Pourquoi les gens sont-ils nombreux à croire cela ? Parce que des prêtres, des pasteurs, des rabbins, des maîtres spirituels, leur disent qu’ils savent des choses que la plupart d’entre eux ignorent sur la vie après la mort. Il s’agit précisément de «connaissance basée sur l’inspiration ou sur certaines aptitudes spéciales, difficiles à prouver». Les dirigeants ou les maîtres spirituels ne peuvent pas « prouver » que leurs enseignements sur la vie après la mort sont véridiques. Et nombreux sont les croyants qui leur font des dons pour éviter, à eux-mêmes ainsi qu’à leurs proches décédés, des «préjudices graves», comme le fait de passer des siècles dans le purgatoire catholique, ou dans l’enfer froid bouddhiste, ou peut-être de se réincarner en grenouille.

Dans l’Évangile de Marc 10, 17-22, un jeune homme riche vient voir Jésus et lui demande comment il peut s’assurer d’«hériter de la vie éternelle». Jésus lui répond que vivre honnêtement, comme le fait le jeune homme, est un bon début, mais que cela ne garantit pas le paradis. S’il veut assurer son «trésor dans le Ciel», le jeune homme doit «vendre tout ce qu’il possède et le donner aux pauvres». On note avec intérêt que certains érudits bibliques modernes ont vu ici une critique de Jésus à l’égard des lois romaines, lesquelles limitaient les dons religieux des Juifs, censés garder leur argent pour payer des impôts aux Romains. Mais l’important ici, c’est que Jésus parle avec autorité, et que son savoir est effectivement «basé sur l’inspiration ou sur certaines aptitudes spéciales».

Pour le jeune homme riche, se séparer de tout son argent était un événement réel, douloureux, lié au monde physique.

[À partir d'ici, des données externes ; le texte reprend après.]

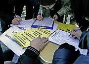 Участники митинга собрали подписи под документом, он передан чиновникам вместе с символической «желтой карточкой», которую, по аналогии с футболом, предъявили городским властям.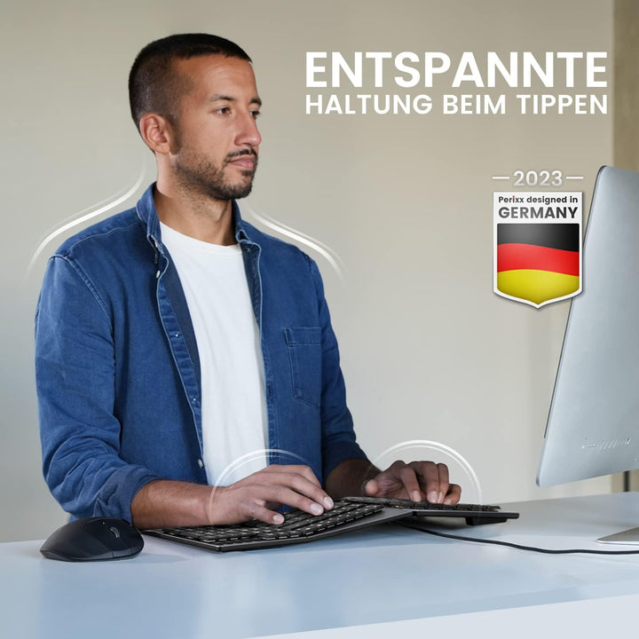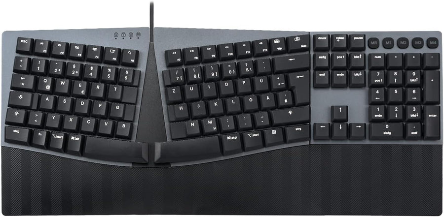 - Tastatur in voller Grösse mit ergonomischem Design: Die Tastatur in voller Grösse mit geteiltem Tastendesign und gebogenem Rahmen fördert eine bessere Körperhaltung, indem sie hilft, das Handgelenk und die Arme in der natürlichsten Schreibhaltung zu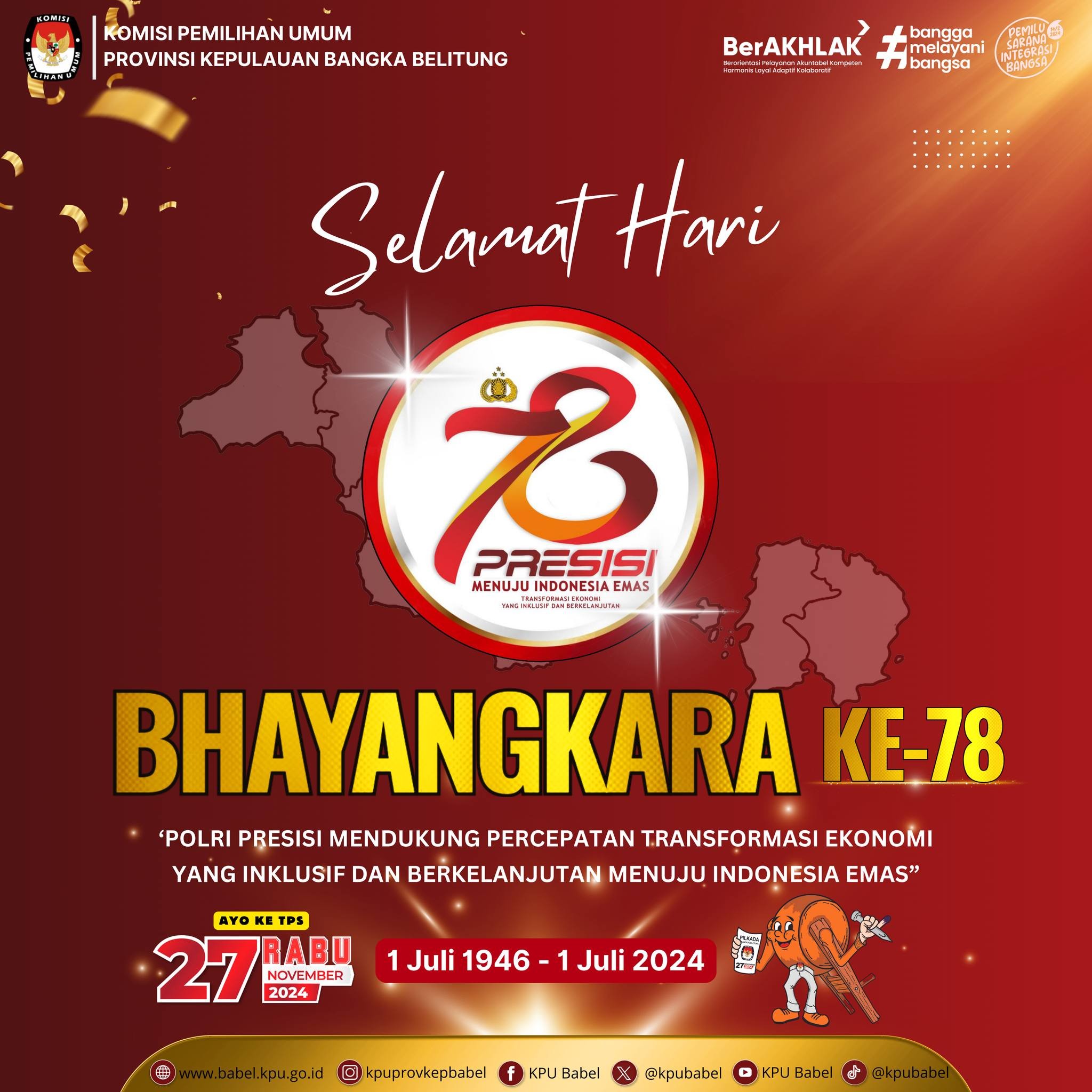 #SeperadikPemilih KPU Provinsi Kepulauan Bangka Belitung mengucapkan Selamat Hari Bhayangkara ke-78.
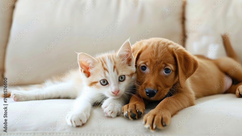 Obraz na płótnie Canvas - Cute little kitten and puppy on sofa at home, closeup..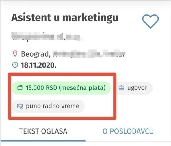 Na internetu se pojavio oglas za posao asistenta u marketingu u kojem piše da mesečna plata iznosi svega 15.000 dinara! Prvo je u oglasu navedeno da ta plata podrazumeva da radnik radi puno radno vreme pod ugovorom, pa je nakon nekog vremena ovo izmenjeno i napisano je da je posao honoraran i podrazumeva klizno radno vreme.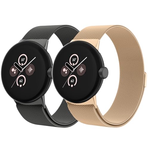 2 PACK Metal Band for Google Pixel Watch 3 41mm Bands/Google Pixel Watch 2/1 Bands Women Men, Stainless Steel Mesh Loop Adjustable Wristband Replacement Straps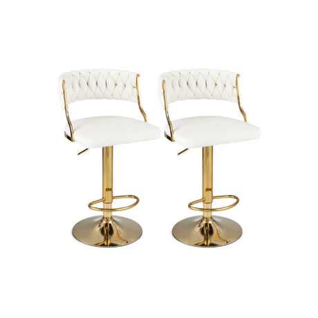 Swivel Barstool with Woven Back Set of 2 for Kitchen Island Cafe-White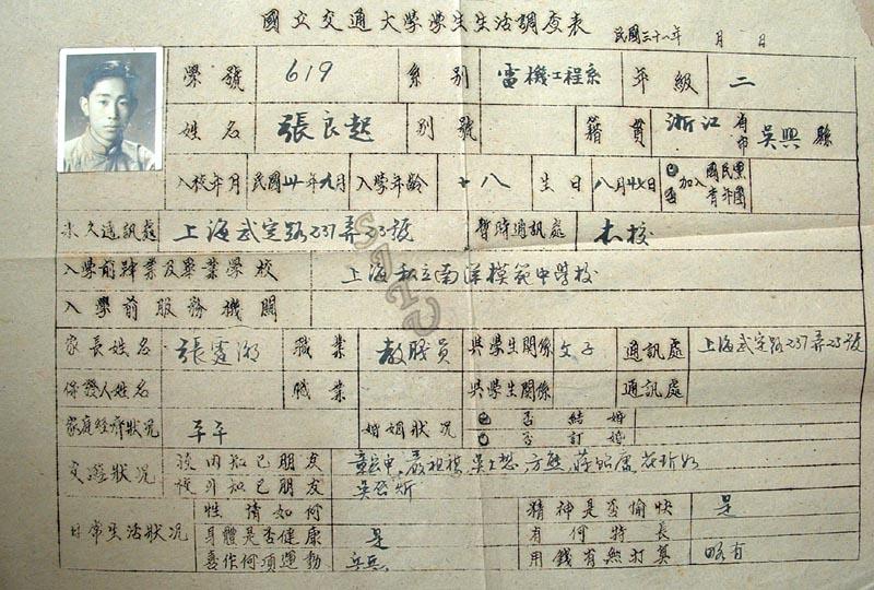 1944年底,濒临失败的日军作最后的反扑,重庆岌岌可危,当时在重庆交大张良起毅然报名参军,最终因为体检没有通过。如今这张报名表还留在上海交大的档案馆。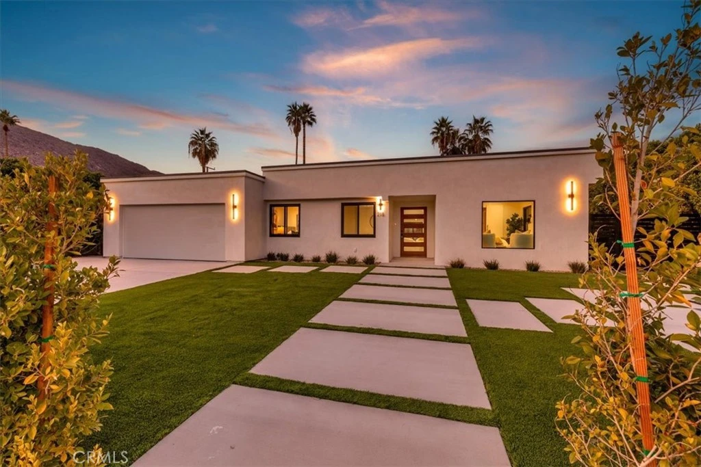 Experience modern luxury in this fully reimagined single-story home in the desirable Tahquitz River Estates. Situated on a generous 9,583 sq ft flat lot, this 4-bed, 3-bath, 2,554 sq ft residence was taken down to the studs, reconfigured with an open-concept layout, and rebuilt with full City permits, including all-new plumbing, electrical, insulation, drywall, HVAC, roof, windows, doors, flooring, fixtures, appliances, hardscaping, and landscaping. A sleek modern entry leads into an expansive living and dining area with oversized sliders showcasing stunning mountain views and true indoor/outdoor flow. The showpiece chef’s kitchen features a massive waterfall island, custom cabinetry, premium quartzite slab counters, full slab backsplash, stainless steel appliances, double ovens, a 6-burner range, wine/beverage storage, and designer lighting. The primary suite is a private retreat with vaulted ceilings, a modern fireplace, picture-window views, a walk-in closet, and a spa-caliber bathroom with an oversized glass shower, dual rainheads, skylight, floating vanity, and premium tilework. Three additional bedrooms offer exceptional versatility, including two en-suite rooms perfect for guests, multigenerational living, or home office needs. All bathrooms feature frameless glass showers, LED-lit mirrors, and floating vanities. The backyard delivers the ultimate Palm Springs resort experience with a newly renovated inground pool & spa, expansive patios, modern hardscaping, privacy walls, mature palms, and unobstructed desert hill and mountain vista views; ideal for entertaining or peaceful sunset evenings. Located in the coveted Tahquitz River Estates, this home offers quiet streets, lush palms, and unbeatable proximity to downtown. Just minutes from world-class dining, boutique shopping, art galleries, spa resorts, golf, and scenic hiking trails, the location blends serenity with convenience. Whether you seek a full-time residence, a weekend sanctuary, or a high-performing vacation rental, this property delivers the luxury and lifestyle buyers want. Move-in ready, fully renovated, and impeccably designed. Tour this exceptional Palm Springs retreat today.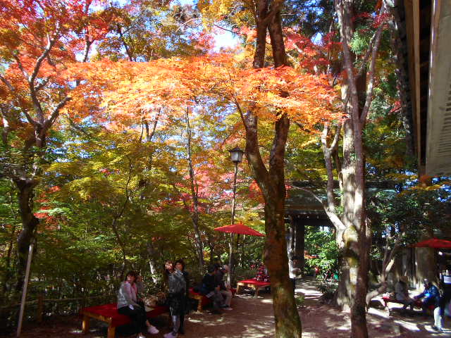 北野天満宮のもみじ苑へと行きましたぁ。何時もの様にたくさんの人ですがぁ。まぁ比較的ゆっくり紅葉を見ることが出来ましたぁ。紅葉はぁ太陽の光を浴びてキタキラ輝いていましたぁ。おじさんもキョロキョロウロウロテクテク続きです。お茶と上七軒老松さんの和菓子頂きましたぁ。うぅん、何とも言えないコントラストです。ありがとうございましたぁ。紅葉めぐりまだ続きますよ。テクテク。

Selon la loi japonaise, le fait qu’il soit récompensé par la «vie éternelle» ou «un trésor dans le Ciel» serait «difficile à prouver». Si le jeune homme décidait de faire une donation, ce serait par confiance en Jésus en tant que maître «inspiré», doté d’«aptitudes spéciales», et aussi par «peur» de ne pas avoir accès à la vie éternelle.